11 Ocak 2020 Cumartesi

Önceden kendimi çok daha iyi anlatabildiğimi fark ettim. Açıklamak, anlatmaya çalışmak çok daha kolaydı. Düşünceler derine indikçe kelimelere anlamlar ekleniyordu. Artık kendimi sıkışmış hissediyorum. Sanki yeteri kadar kelime bilmiyorum. Sanki cümleye büyük harfle başlamaya alışmak ne kadar değiştiğimi gösteriyor. Kalıplar içerisinde yok oluyormuş gibi hissediyorum. Hayal dünyamı insanların ihtiyaç duyduğum sevgileriyle eğip bükmüşüm. Artık sevgi ihtiyacımın da karşılığında vereceğim sevgi insanlara yetmiyormuş gibi hissediyorum. İnsanlara sevgi yetmiyor. Her şeyin güzelleşmesini sağlayan bir şey insanlara yetmiyor. Bu insanlar dediğim benim de içinde bulunduğum bir topluluk. Geçen gün bir bebeğin ağlamasını sevgiyle susturdum mesela. Hepimizin tiz çığlıklarını sevgi susturmaz mı? Bu aşk olarak tanımladığınız biyolojik bozukluktan bağımsız bir şey. Önceden herhangi birini sevebilirmişim gibiydi. Herkesi sevebilirmişim gibi. Artık öyle değil. Sevgimi kısıtladım. Ki bunu yapmayan insan da görmüyorum. Burayı özlemişim.
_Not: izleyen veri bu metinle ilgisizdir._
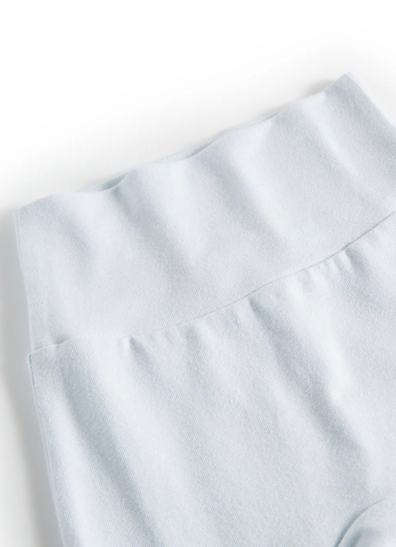 Comfortable pants with feet for newborns. The pants are soft, hold their shape and color, and have elastane in them, which makes them stretchy and comfortable to wear.
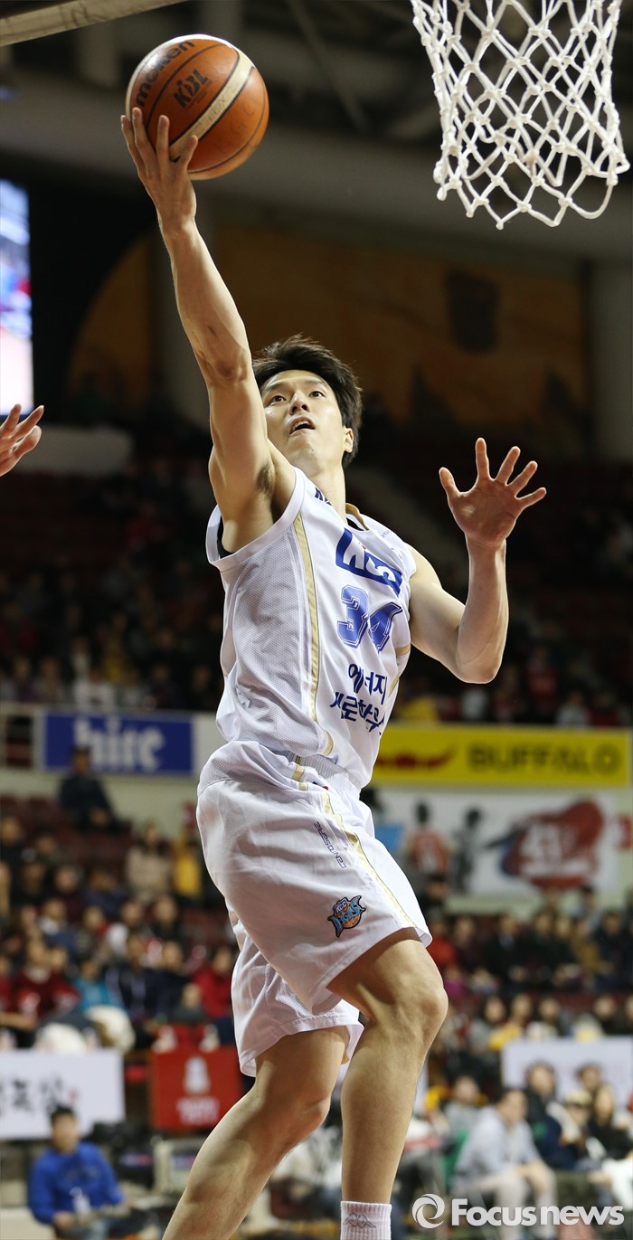 (안양=포커스뉴스) 13일 안양실내체육관에서 열린 2015-2016 프로농구 KGC-KCC 경기에서 KCC 김효범이 레이업슛을 시도하고 있다.
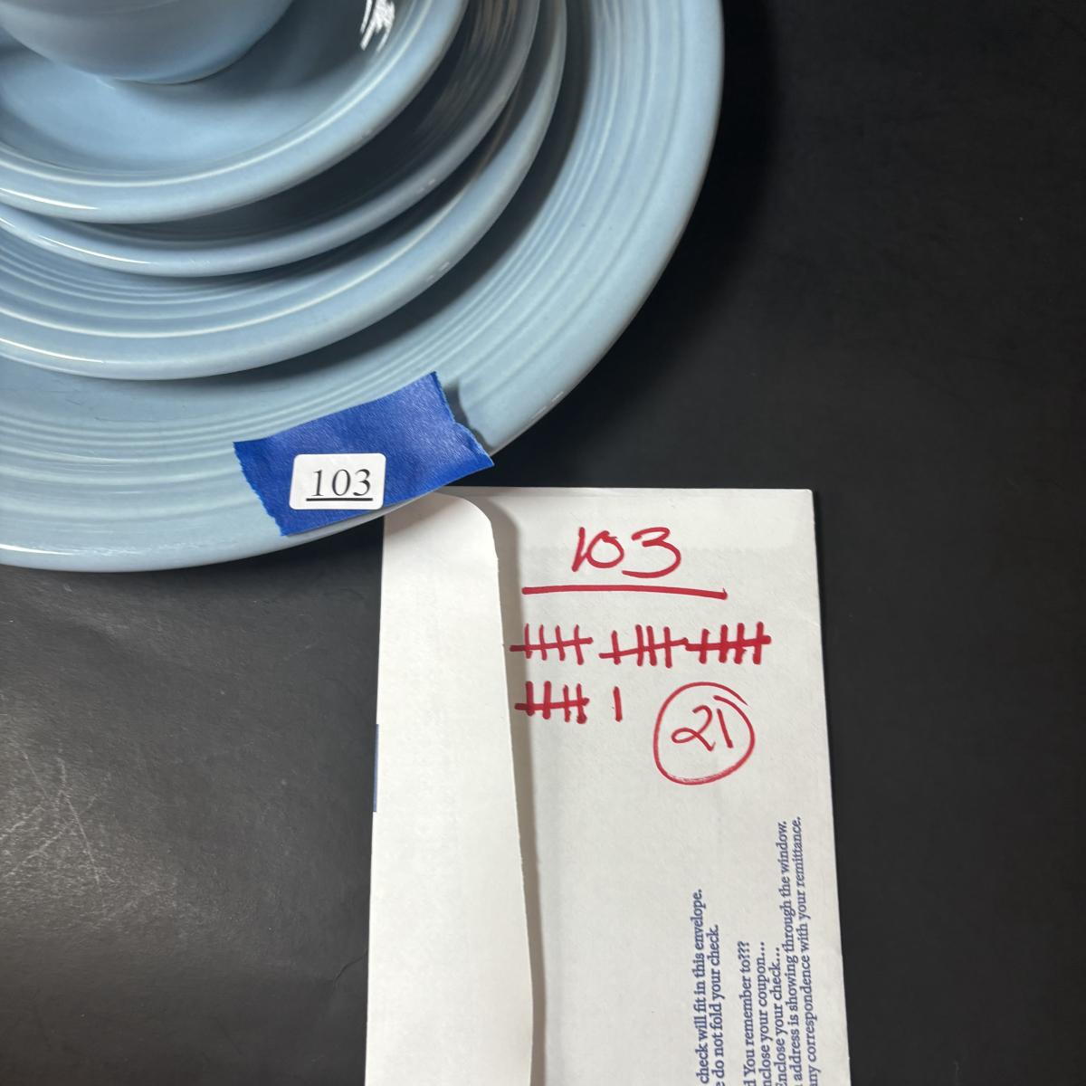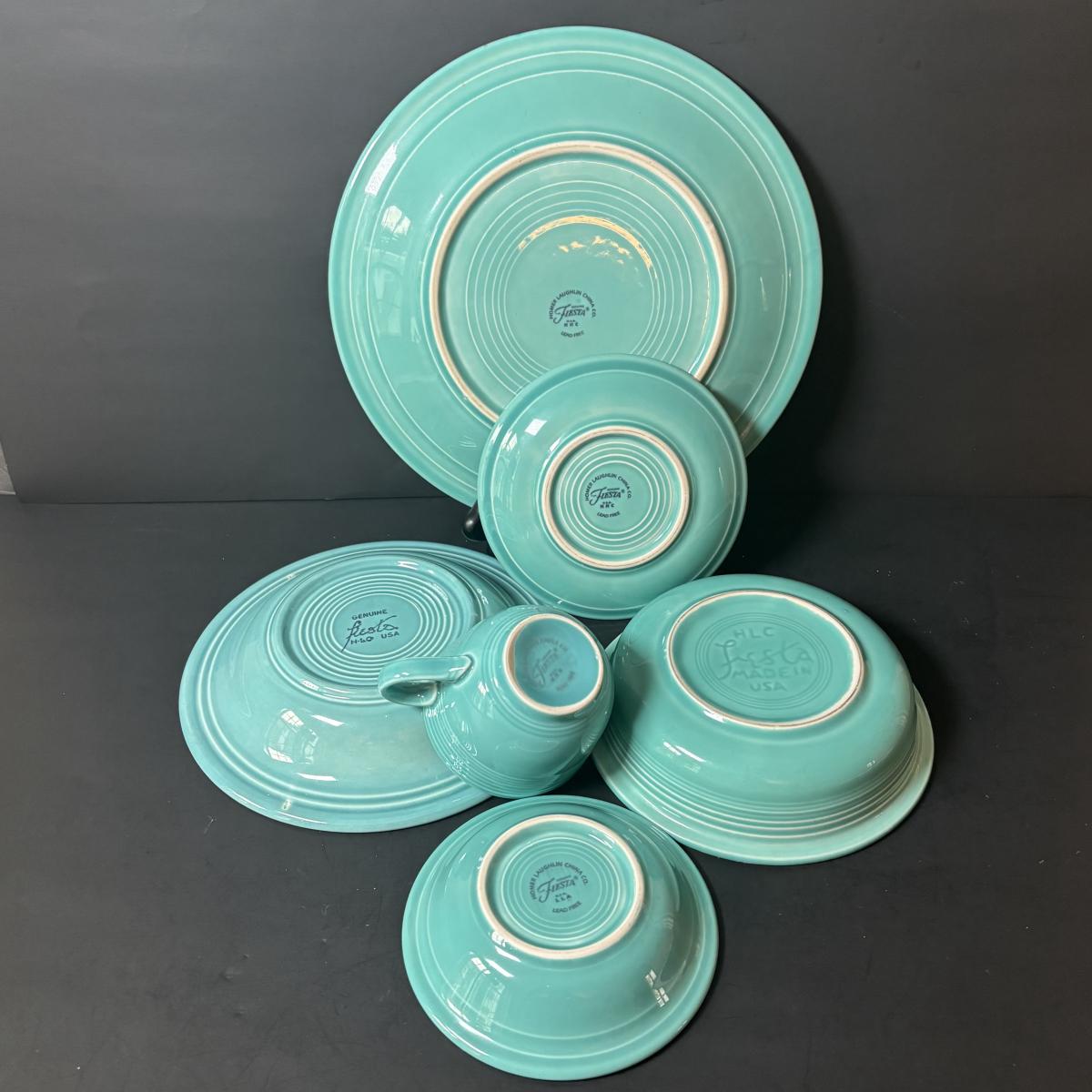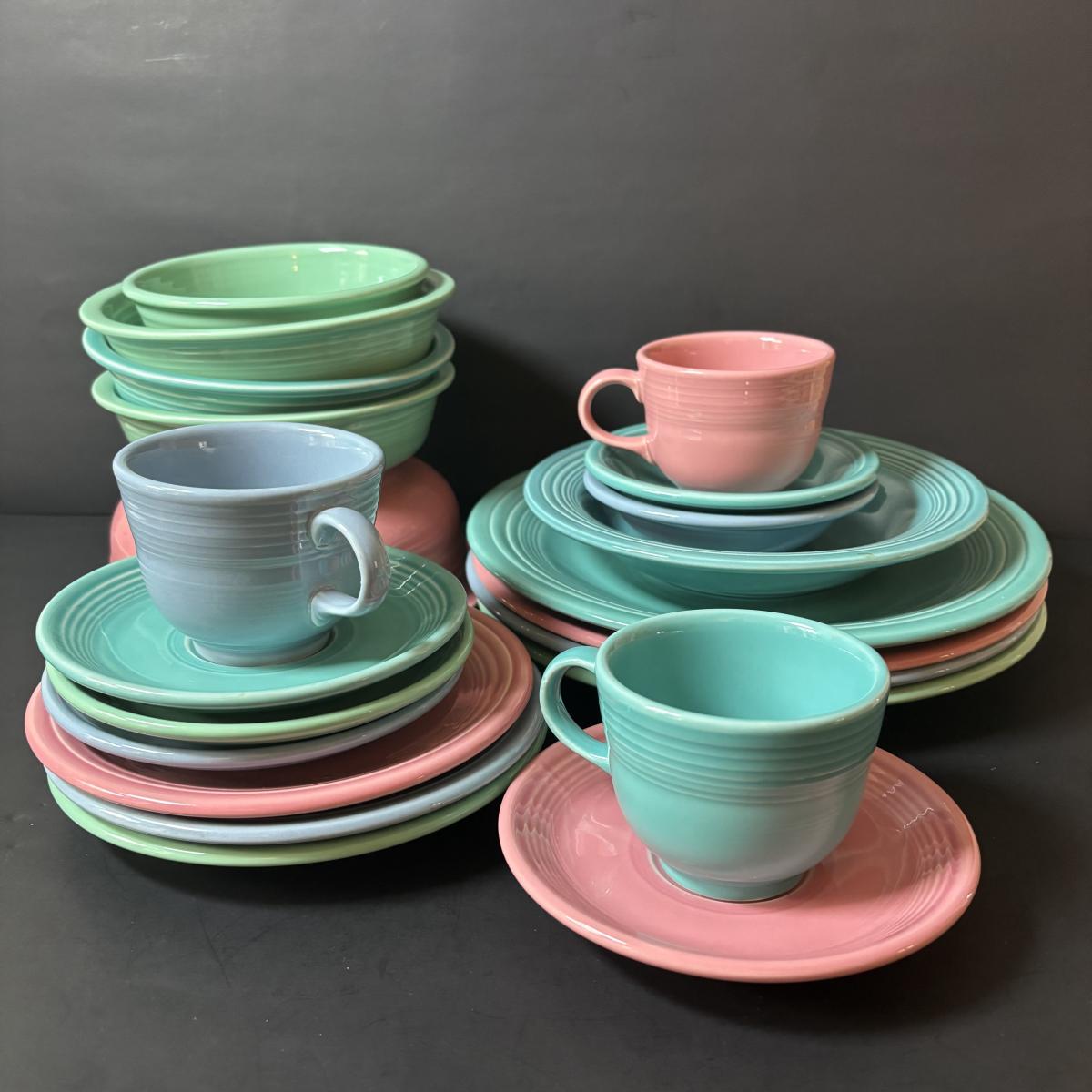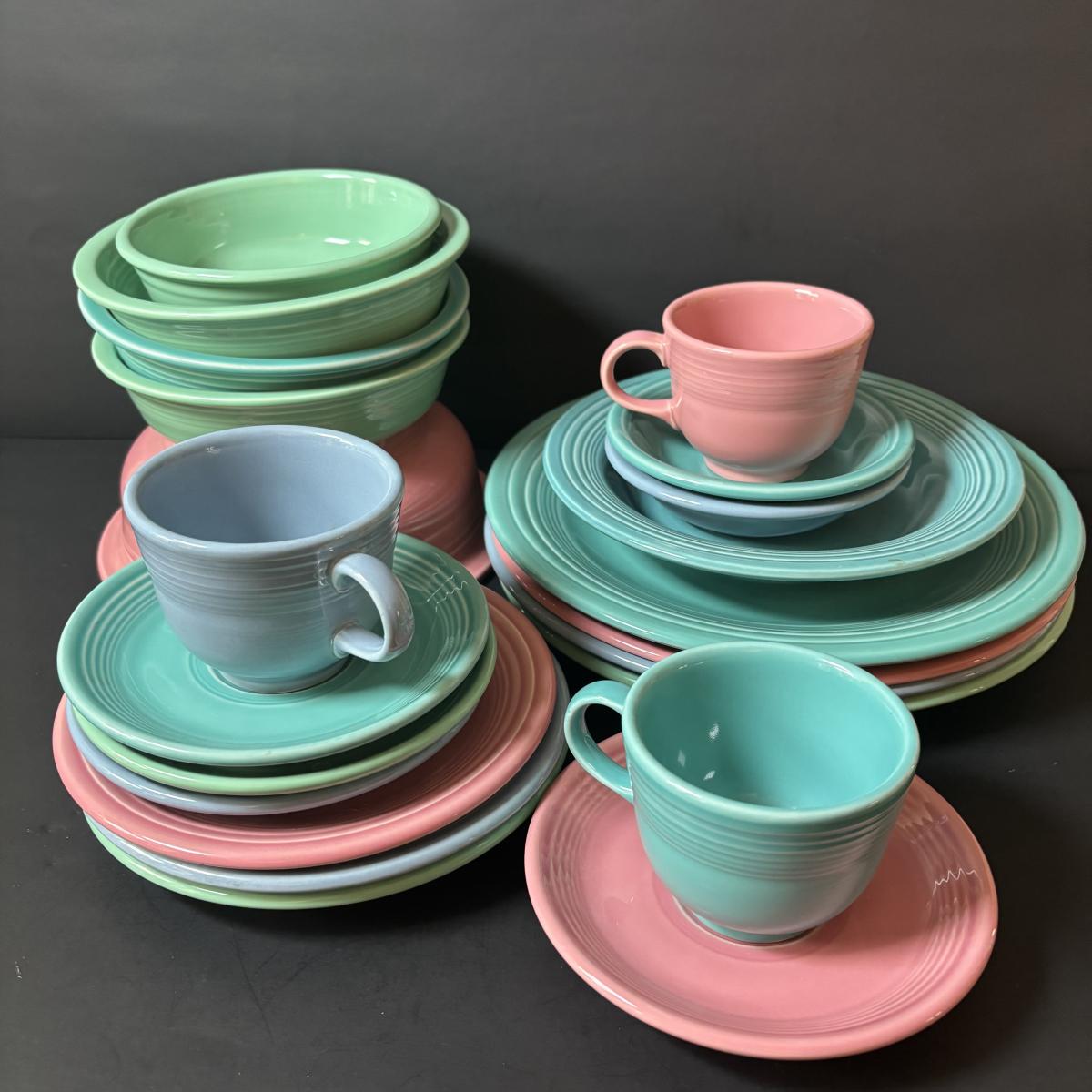 LOT 103: Collection Green Pink Blue Aqua of Fiesta Ware: 21pcs

Dönüyorum. Bir gün ölürsem buraya yazmadığım iki sene de mutlu bir hayatım olduğunu bilsinler. Kahkaha attım, dostluğu öğrendim, başarıyı tattım, içimde en büyük acıyı oluşturan şeylere su serpecek cesareti gösterdim. Güzel günlerim oldu. İçimdeki koca dev dinlenmişti sanki. Geri döndüm. Bundan önce de okuyan yoktu umarım bundan sonra da olmaz.